* _WORK INSTRUCTION_
Each word in the data below should be copied exactly; the images should not.

* _GIVEN INFORMATION_
==============================

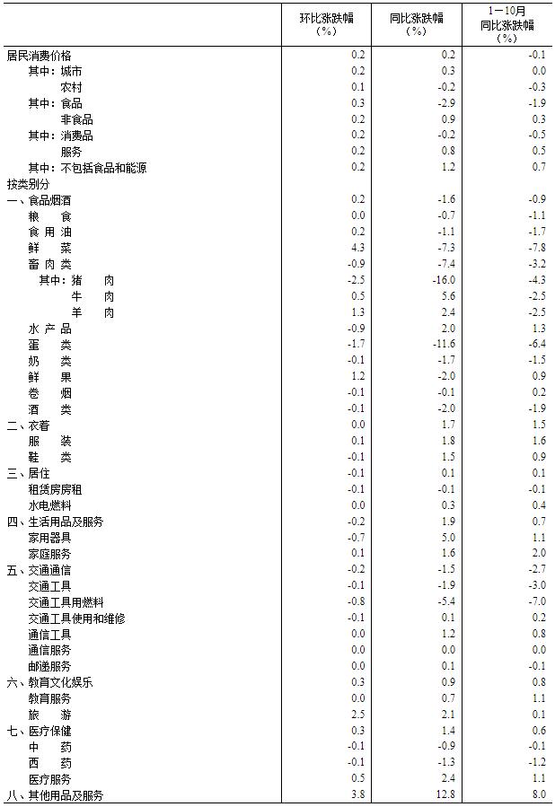1、种种商品及效劳价钱共比改变环境 10月份,食物烟酒类价钱共比下落1.6%,感化CPI(住户消耗价钱指数)下落约0.46个百分面。食物中,蛋类价钱下落11.6%,作用CPI下落约0.08个百分面;畜肉类价钱下落7.4%,感导CPI下落约0.23个百分面,个中猪肉价钱下落16.0%,感化CPI下落约0.23个百分面;陈菜价钱下落7.3%,劝化CPI下落约0.18个百分面;陈果价钱下落2.0%,感化CPI下落约0.04个百分面;食粮价钱下落0.7%,教化CPI下落约0.01个百分面;火产物价钱上升2.0%,感染CPI上升约0.04个百分面。 其余7年夜类价钱共比6涨1落。个中,其余用品及效劳、死活用品及效劳、一稔价钱别离上升12.8%、1.9%战1.7%,疗养保健、教导文明文娱、栖身价钱别离飞腾1.4%、0.9%战0.1%;接统统疑价钱下落1.5%。
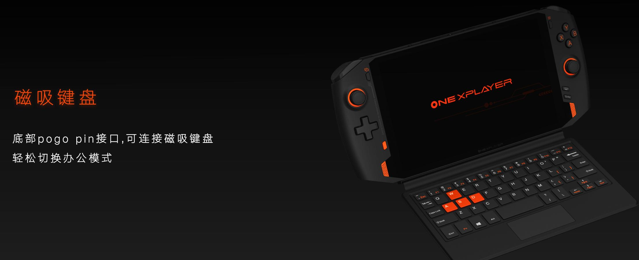 OnexPlayer还支持磁吸键盘,加上键盘之后就有完整的笔记本使用体验了,做一些轻度的办公操作,运行需要键鼠操作的游戏,都能够胜任了。
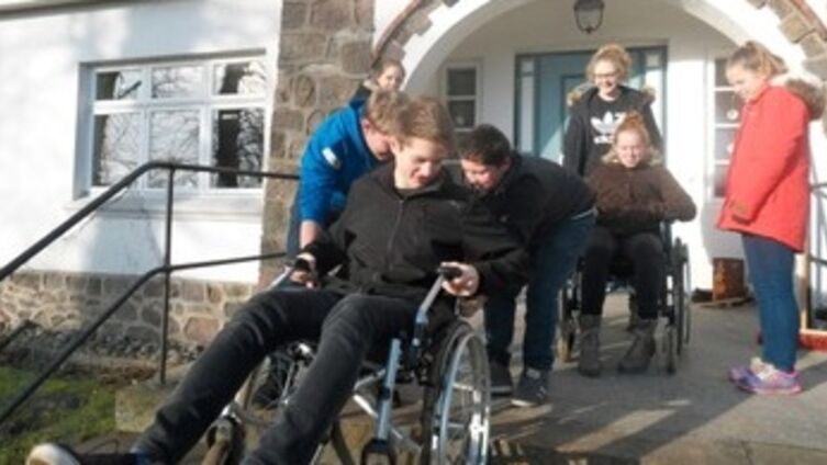 Besonderer Beliebtheit erfreute sich das Rollstuhlfahren. Jeder konnte selbst erleben, wie es ist, auf solch ein Hilfsmittel angewiesen zu sein und in lockerem Kies oder gar auf einer Treppe ohne fremde Hilfe nicht mehr weiterzukommen. Zugleich übten die Konfis das tatkräftige Zupacken und fanden heraus, an welchen Teilen des Rollstuhls man ziehen kann und an welchen besser nicht.

==============================

* _EXERCISE SOLUTION_
1、种种商品及效劳价钱共比改变环境 10月份,食物烟酒类价钱共比下落1.6%,感化CPI(住户消耗价钱指数)下落约0.46个百分面。食物中,蛋类价钱下落11.6%,作用CPI下落约0.08个百分面;畜肉类价钱下落7.4%,感导CPI下落约0.23个百分面,个中猪肉价钱下落16.0%,感化CPI下落约0.23个百分面;陈菜价钱下落7.3%,劝化CPI下落约0.18个百分面;陈果价钱下落2.0%,感化CPI下落约0.04个百分面;食粮价钱下落0.7%,教化CPI下落约0.01个百分面;火产物价钱上升2.0%,感染CPI上升约0.04个百分面。 其余7年夜类价钱共比6涨1落。个中,其余用品及效劳、死活用品及效劳、一稔价钱别离上升12.8%、1.9%战1.7%,疗养保健、教导文明文娱、栖身价钱别离飞腾1.4%、0.9%战0.1%;接统统疑价钱下落1.5%。
 OnexPlayer还支持磁吸键盘,加上键盘之后就有完整的笔记本使用体验了,做一些轻度的办公操作,运行需要键鼠操作的游戏,都能够胜任了。
 Besonderer Beliebtheit erfreute sich das Rollstuhlfahren. Jeder konnte selbst erleben, wie es ist, auf solch ein Hilfsmittel angewiesen zu sein und in lockerem Kies oder gar auf einer Treppe ohne fremde Hilfe nicht mehr weiterzukommen. Zugleich übten die Konfis das tatkräftige Zupacken und fanden heraus, an welchen Teilen des Rollstuhls man ziehen kann und an welchen besser nicht.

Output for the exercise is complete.